Monday’s Post OpEd by Michael Gerson is entitled “Ron Paul’s Poison Pill” and it is a juvenile and panic-stricken performance by a major voice of country-club Republicanism. Apparently sensing that Dr. Paul’s concerns and manifestly appropriate worries about America’s future are shared by an increasing number of American voters — especially young voters — Mr. Gerson shriekingly paints Dr. Paul as a racist and a devotee of Jefferson Davis and the Confederacy; an abettor of the Holocaust and so implicitly an anti-Semite; an isolationist who sins by wanting to protect America first, last, and always; a bigot ready to reverse the Civil Rights Act; and a blame-America-firster. Mr. Gerson’s essay reminds one of a high-school sophomore’s vitriolic, first-try at journalism that slips past the teacher who serves as the editor of the school’s paper.
And why does Dr. Paul merit these calumnies? Because Mr. Gerson and the Republican establishment he speaks for do not want to debate the dire problems America faces at home and abroad because such a debate would show there is not a nickel’s worth of difference between most Republicans and Obama’s Democrats, and that both parties are equally responsible for the near in-extremis condition of America’s economy, finances, and foreign policy.

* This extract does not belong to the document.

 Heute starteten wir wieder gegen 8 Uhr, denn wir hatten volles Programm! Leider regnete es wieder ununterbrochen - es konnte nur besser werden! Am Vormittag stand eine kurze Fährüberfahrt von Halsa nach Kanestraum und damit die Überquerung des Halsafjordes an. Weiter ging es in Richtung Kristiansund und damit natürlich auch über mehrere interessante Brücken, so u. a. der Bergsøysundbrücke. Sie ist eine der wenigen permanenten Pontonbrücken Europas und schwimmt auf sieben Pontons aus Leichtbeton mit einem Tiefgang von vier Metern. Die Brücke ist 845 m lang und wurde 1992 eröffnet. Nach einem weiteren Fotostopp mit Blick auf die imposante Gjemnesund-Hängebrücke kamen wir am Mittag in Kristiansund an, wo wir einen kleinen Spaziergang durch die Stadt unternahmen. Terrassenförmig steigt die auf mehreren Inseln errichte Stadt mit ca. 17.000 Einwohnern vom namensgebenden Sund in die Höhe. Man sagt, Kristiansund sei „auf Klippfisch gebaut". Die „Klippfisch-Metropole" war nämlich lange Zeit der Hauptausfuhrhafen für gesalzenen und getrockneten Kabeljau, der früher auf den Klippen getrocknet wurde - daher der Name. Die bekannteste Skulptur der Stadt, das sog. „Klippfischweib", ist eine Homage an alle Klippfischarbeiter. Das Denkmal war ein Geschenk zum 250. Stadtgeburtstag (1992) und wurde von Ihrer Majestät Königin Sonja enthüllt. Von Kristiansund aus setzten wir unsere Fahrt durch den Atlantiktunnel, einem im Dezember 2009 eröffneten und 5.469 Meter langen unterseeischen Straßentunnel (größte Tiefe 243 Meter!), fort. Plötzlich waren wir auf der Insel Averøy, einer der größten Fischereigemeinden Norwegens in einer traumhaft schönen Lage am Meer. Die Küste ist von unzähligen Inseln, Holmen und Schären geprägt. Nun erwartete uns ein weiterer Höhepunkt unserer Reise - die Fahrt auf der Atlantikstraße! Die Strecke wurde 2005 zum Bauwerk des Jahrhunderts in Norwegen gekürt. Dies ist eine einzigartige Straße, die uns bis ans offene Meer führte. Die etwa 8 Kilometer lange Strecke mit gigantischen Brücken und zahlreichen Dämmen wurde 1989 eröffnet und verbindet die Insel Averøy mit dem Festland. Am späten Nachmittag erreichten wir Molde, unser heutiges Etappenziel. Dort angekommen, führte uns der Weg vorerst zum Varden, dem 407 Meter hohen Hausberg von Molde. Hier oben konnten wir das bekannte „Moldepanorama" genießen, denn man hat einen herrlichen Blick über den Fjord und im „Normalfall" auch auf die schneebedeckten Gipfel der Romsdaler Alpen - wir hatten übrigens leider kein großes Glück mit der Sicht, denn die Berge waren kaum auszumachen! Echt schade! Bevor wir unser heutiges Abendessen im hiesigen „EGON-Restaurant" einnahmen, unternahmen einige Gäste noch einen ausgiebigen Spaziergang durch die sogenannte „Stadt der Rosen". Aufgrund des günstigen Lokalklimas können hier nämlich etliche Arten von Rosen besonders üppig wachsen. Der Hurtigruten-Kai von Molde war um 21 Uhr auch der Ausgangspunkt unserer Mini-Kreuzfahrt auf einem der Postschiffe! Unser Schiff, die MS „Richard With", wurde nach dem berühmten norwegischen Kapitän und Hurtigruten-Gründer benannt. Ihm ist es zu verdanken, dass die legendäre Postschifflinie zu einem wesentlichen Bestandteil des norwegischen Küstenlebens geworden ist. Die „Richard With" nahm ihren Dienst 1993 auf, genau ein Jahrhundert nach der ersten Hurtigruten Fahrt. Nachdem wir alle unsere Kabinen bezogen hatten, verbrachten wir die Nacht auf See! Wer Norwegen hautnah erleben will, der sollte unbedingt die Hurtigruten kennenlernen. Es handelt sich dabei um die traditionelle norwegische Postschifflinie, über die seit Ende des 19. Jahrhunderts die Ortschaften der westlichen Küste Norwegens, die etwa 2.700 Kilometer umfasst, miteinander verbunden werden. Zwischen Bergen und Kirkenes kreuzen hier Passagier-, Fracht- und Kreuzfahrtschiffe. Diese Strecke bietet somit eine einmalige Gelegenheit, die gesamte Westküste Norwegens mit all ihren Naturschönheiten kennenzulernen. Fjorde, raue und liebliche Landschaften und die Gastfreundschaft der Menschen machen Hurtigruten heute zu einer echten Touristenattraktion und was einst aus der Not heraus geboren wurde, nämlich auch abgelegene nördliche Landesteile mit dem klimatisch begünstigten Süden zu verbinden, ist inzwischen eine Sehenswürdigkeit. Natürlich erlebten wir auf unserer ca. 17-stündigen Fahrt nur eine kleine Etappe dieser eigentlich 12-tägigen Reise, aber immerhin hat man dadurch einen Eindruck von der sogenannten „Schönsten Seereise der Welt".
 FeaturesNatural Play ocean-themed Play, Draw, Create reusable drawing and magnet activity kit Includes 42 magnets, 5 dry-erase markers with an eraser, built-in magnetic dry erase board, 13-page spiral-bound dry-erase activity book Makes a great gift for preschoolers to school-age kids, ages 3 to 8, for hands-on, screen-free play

Mr. Gerson’s OpEd makes it clear that most Republicans, like most Democrats, regard any resistance to more unnecessary bipartisan wars and endless and war-causing democracy-mongering interventionism as “isolationism”; opposition to unlimited federal government power as racist and neo-Confederate; support for fiscal responsibility to avoid national bankruptcy as a “lack of compassion”; and any questioning of the bipartisan elite’s definition of reality as it has been shaped and inculcated for several generations by the federal government’s Department of Education and their ill-educated operatives in the teacher’s unions as an antediluvian response by a man who refuses to see that that the federal government knows what is best for him better than he does. In essence, Mr. Gerson, on behalf of both parties, is telling Dr. Paul, his supporters, and all voters to shut up, go home, watch TV, and let the bipartisan political elite decide what is best for all Americans and their country. The proper response to this outrageous and anti-American arrogance is to suggest that Mr. Gerson and the elitists for whom he speaks should be collectively sent to hell.
Let me close by noting that I while I support Dr. Paul in the areas of foreign policy, fiscal conservatism, and a return to constitutionalism, I am a traditional conservative and not a libertarian. I cringe at, rebel against, and am willing to denounce many Libertarian views of events in American history, views which I regard as ahistorical, unrealistic, and, at times, just silly. I particularly oppose the Libertarian’s view of Abraham Lincoln. But their view of Lincoln is precisely that: their view. And they are perfectly entitled to it.
Those of us who are not Libertarians and yet support Dr. Paul — and those numbers are rising — might best explain our support and affection for him by quoting the Libertarians’ favorite bete noire. “Many free countries have lost their liberty and ours may lose hers,” Abraham Lincoln once said, “but if she shall, be it my proudest plume, not that I was the last to desert her, but that I never deserted her.” Of the many things one can say about Dr. Paul, the one that cannot be contested is that he never deserted America and its constitution — as have so many of his peers — for office, power, and wealth. He can wear that plume with pride and the thanks of all Americans.